Let's suppose that (I'm just making these up) $\alpha x + a = 0$ for $a \in F$ and $y_1x + y_2x^2 = 0$. Now I cannot see how it is possible for $\alpha$ to be algebraic over $F(y_1, y_2)$, because we know that $x$ is not included in $F(y_1, y_2)$. Then how can $\alpha$ be algebraic over it?
Thanks in advance
One way to see it: a field extension $F\subseteq F(x)$ is algebraic iff $F(x)$ has finite dimension as a vector field over $F$.

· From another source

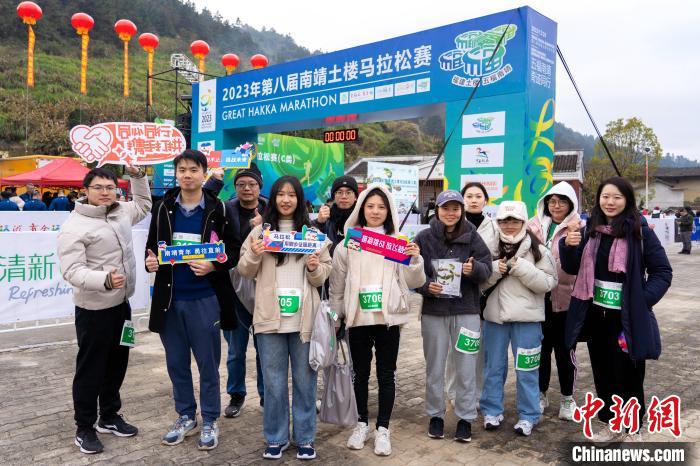 中新网漳州12月24日电 (记者 张金川)12月24日上午,2023年第八届南靖土楼马拉松赛开跑,正在参加“团聚冬至”主题交流活动的两岸青年共同参加趣味跑、一起向前冲,他们在体验马拉松赛紧张刺激的同时,饱览福建土楼这一世界文化遗产,激发两岸青年的文化自豪感,提升文化自信。

In your case, the dimension of $F(x,y_1,y_2)$ over $F(y_1,y_2)$ is finite, and dimension of $F(x,\alpha)$ over $F(x)$ is finite. Use those two to show that the dimension of $F(x,\alpha,y_1,y_2)$ over $F(y_1,y_2)$ is finite.
Edit: In hindsight, I think it's easier to use another equivalent condition, namely that $F\subseteq F(x)$ is algebraic iff $F[x]$ has finite dimension as a vector field over $F$, so we have to show that $F(y_1,y_2)[x,\alpha]$ has finite dimension over $F(y_1,y_2)$.